Start of Block
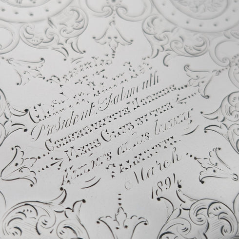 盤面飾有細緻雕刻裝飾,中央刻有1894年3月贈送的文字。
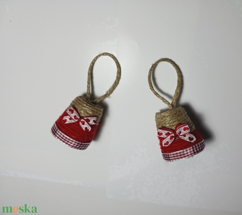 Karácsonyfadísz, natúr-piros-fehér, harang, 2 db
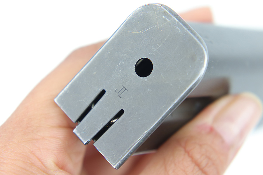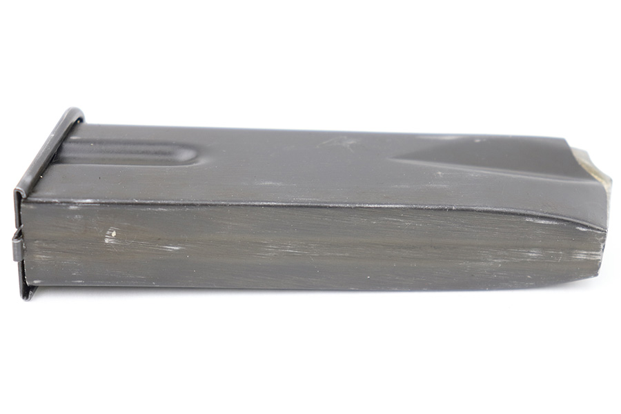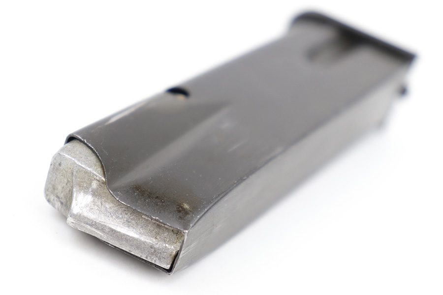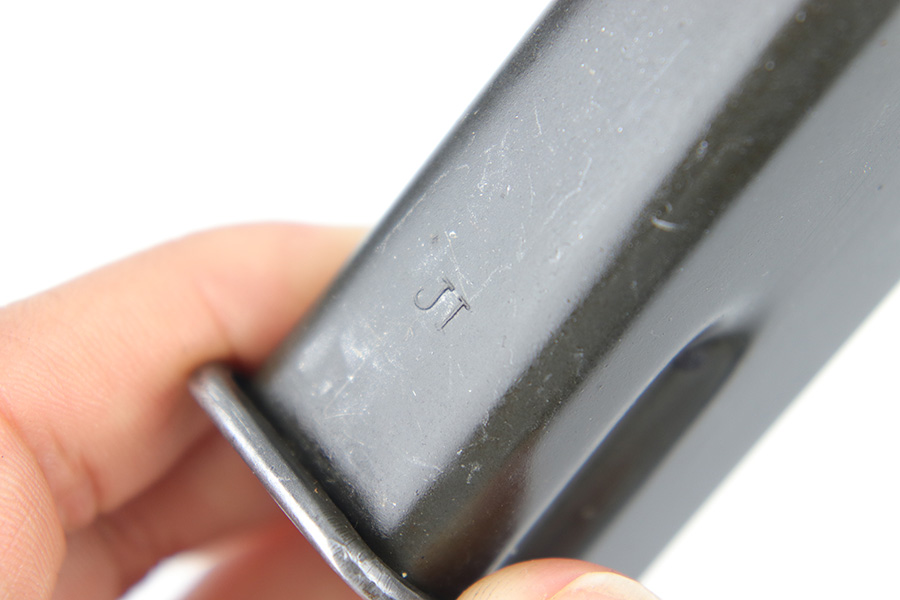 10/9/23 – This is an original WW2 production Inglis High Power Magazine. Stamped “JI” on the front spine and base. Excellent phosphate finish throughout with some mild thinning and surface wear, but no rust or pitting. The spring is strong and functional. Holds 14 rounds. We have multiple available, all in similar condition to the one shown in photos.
End of Block
Start of Block
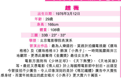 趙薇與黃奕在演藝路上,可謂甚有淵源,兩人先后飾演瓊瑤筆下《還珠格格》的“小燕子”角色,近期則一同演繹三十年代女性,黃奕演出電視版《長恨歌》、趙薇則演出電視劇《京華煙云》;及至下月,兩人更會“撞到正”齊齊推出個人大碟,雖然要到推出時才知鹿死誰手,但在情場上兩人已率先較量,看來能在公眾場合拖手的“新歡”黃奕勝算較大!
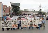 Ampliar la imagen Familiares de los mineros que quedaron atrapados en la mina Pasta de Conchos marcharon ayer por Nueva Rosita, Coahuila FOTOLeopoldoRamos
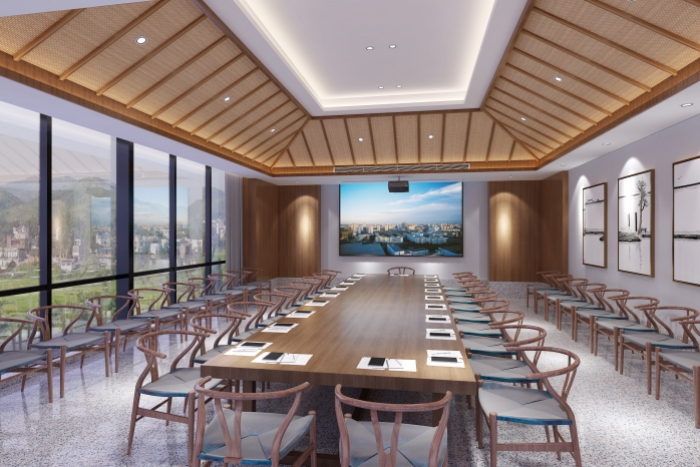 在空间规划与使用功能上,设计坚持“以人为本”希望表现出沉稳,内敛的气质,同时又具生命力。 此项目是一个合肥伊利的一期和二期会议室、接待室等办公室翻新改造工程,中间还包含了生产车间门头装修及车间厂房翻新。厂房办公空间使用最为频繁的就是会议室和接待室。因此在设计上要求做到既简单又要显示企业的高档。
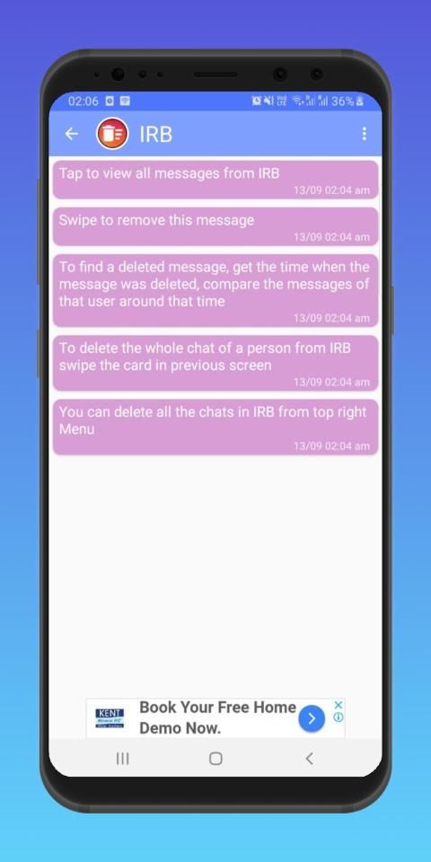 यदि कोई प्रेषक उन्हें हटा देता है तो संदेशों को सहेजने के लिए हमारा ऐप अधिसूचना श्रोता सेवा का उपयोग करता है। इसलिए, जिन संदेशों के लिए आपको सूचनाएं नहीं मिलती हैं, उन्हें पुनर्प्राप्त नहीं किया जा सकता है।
End of Block
Start of Block
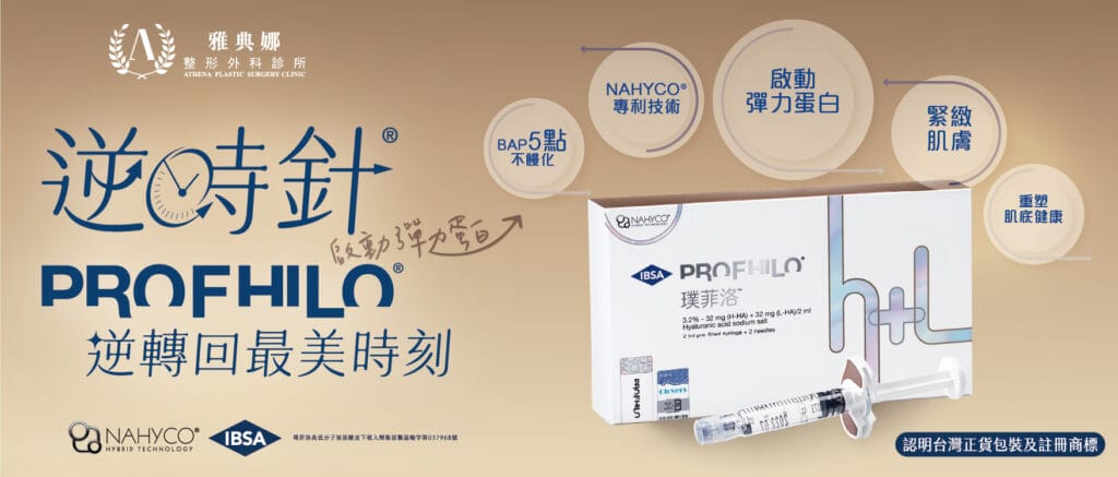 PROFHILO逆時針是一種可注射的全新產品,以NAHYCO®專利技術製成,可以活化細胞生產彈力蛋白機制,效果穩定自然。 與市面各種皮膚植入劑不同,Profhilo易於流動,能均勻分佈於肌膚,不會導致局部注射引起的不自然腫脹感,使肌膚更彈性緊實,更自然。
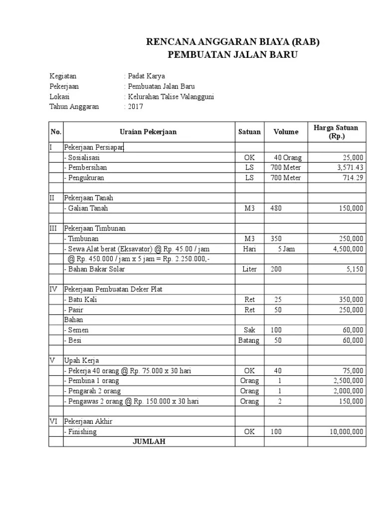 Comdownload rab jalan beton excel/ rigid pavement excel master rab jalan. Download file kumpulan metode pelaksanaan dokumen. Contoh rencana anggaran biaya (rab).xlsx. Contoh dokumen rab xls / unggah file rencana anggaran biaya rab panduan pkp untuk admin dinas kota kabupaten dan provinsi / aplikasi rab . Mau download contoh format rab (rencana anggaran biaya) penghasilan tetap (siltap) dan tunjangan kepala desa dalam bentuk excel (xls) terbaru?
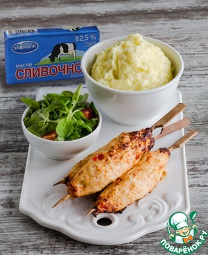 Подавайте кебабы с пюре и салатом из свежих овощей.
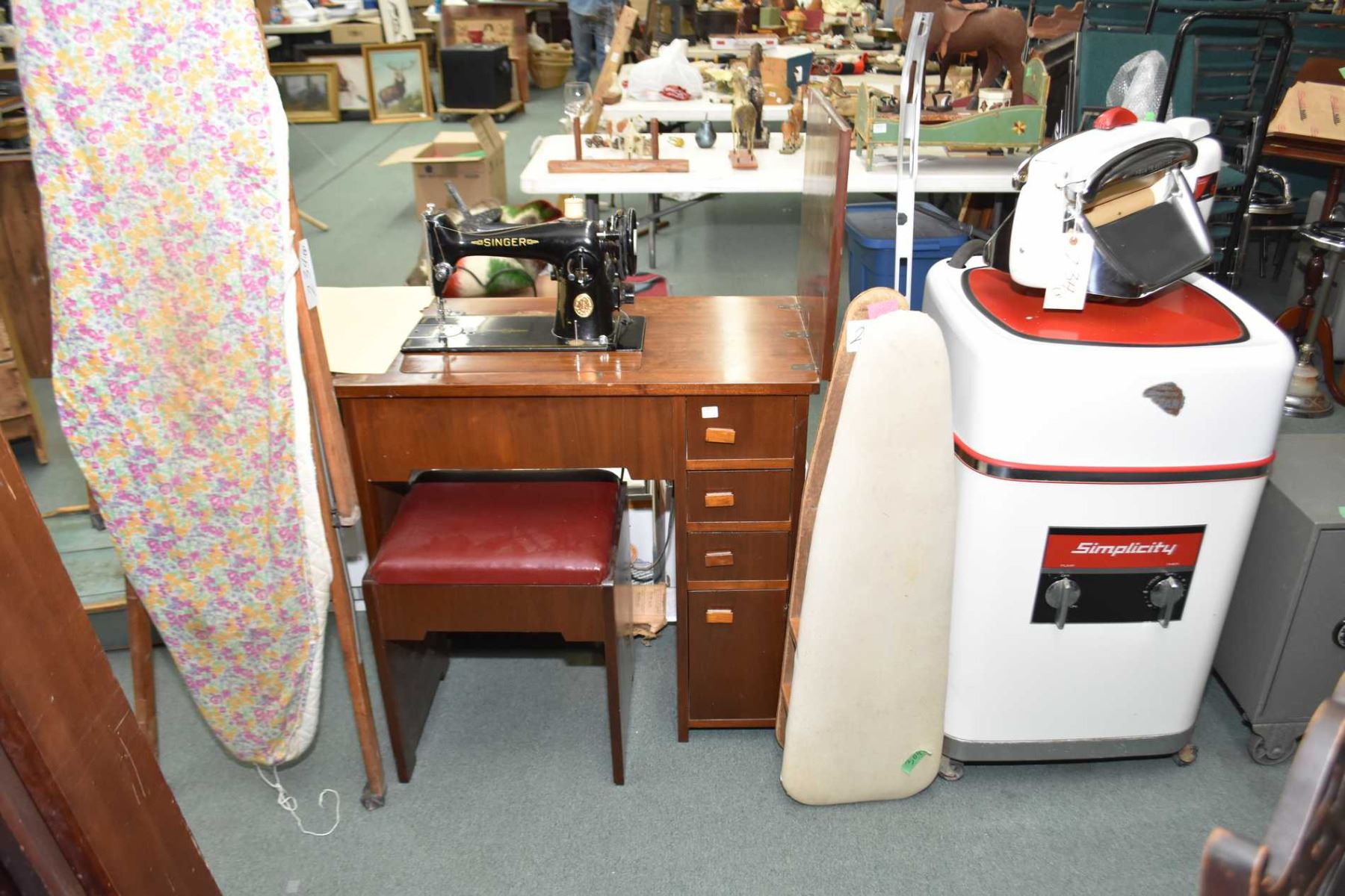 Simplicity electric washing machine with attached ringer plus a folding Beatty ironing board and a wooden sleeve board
End of Block
*About this exercise*: Each line above from the one containing "Comdownload rab jalan" through the one containing "Simplicity electric washing" is to be returned verbatim. Nothing else, and no pictures.

*The answer*:
 Comdownload rab jalan beton excel/ rigid pavement excel master rab jalan. Download file kumpulan metode pelaksanaan dokumen. Contoh rencana anggaran biaya (rab).xlsx. Contoh dokumen rab xls / unggah file rencana anggaran biaya rab panduan pkp untuk admin dinas kota kabupaten dan provinsi / aplikasi rab . Mau download contoh format rab (rencana anggaran biaya) penghasilan tetap (siltap) dan tunjangan kepala desa dalam bentuk excel (xls) terbaru?
 Подавайте кебабы с пюре и салатом из свежих овощей.
 Simplicity electric washing machine with attached ringer plus a folding Beatty ironing board and a wooden sleeve board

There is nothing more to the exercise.